** RECORDS PROVIDED follows **

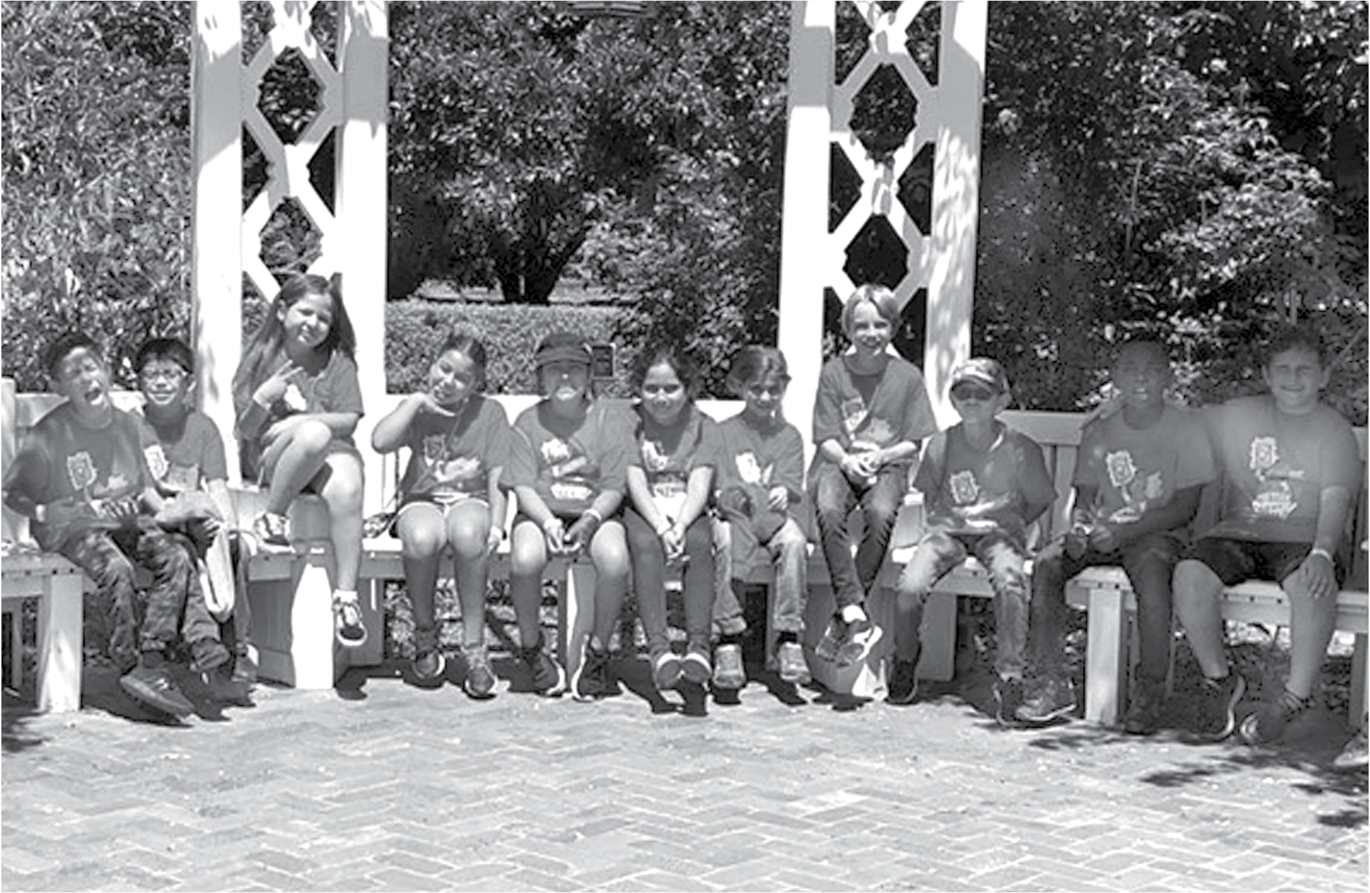
The last few weeks have been busy but full of fun for Lawndale Elementary School District kids! Students in RAP Summer Camp were able to attend the Arboretum, LA Library, Beach, The Getty, Natural History Museum, Jamba Juice, 7-Eleven and watch Toy Story 4 or Spider-Man.

“Summer camp was a place where I felt like myself that wasn’t like school. There were no grades, we got to try lots of new things, and I started to play guitar at camp. It was a place for acceptance and learning to be a part of a community, but also learning to be yourself. I want that for all kids.”
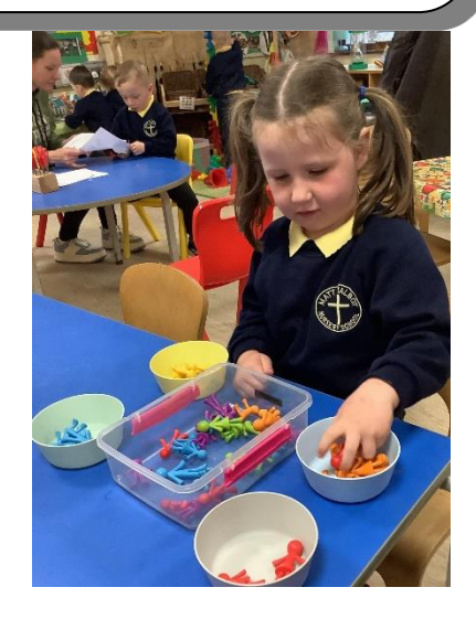
"Happy at play, learning all day"
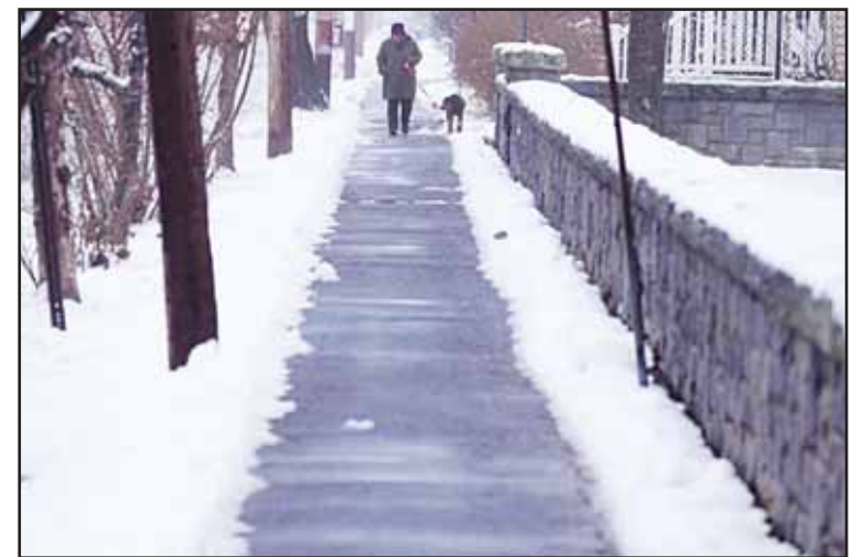
A man walks a dog as light rain falls during a winter storm on Dec 11, in Concord, NH.

"For our adversaries out there that think this is a time of opportunity that they can play one administration off the other, they're wrong, and we are - we are hand in glove," Mike Waltz, Trump's pick for national security adviser, said in a Fox News interview last month. "We are one team with the United States in this transition."

** End of RECORDS PROVIDED **

PROBLEM DESCRIPTION: Print the listing above in full, exactly as written. Omit any pictures.

EXERCISE RESULT:
The last few weeks have been busy but full of fun for Lawndale Elementary School District kids! Students in RAP Summer Camp were able to attend the Arboretum, LA Library, Beach, The Getty, Natural History Museum, Jamba Juice, 7-Eleven and watch Toy Story 4 or Spider-Man.

“Summer camp was a place where I felt like myself that wasn’t like school. There were no grades, we got to try lots of new things, and I started to play guitar at camp. It was a place for acceptance and learning to be a part of a community, but also learning to be yourself. I want that for all kids.”
"Happy at play, learning all day"
A man walks a dog as light rain falls during a winter storm on Dec 11, in Concord, NH.

"For our adversaries out there that think this is a time of opportunity that they can play one administration off the other, they're wrong, and we are - we are hand in glove," Mike Waltz, Trump's pick for national security adviser, said in a Fox News interview last month. "We are one team with the United States in this transition."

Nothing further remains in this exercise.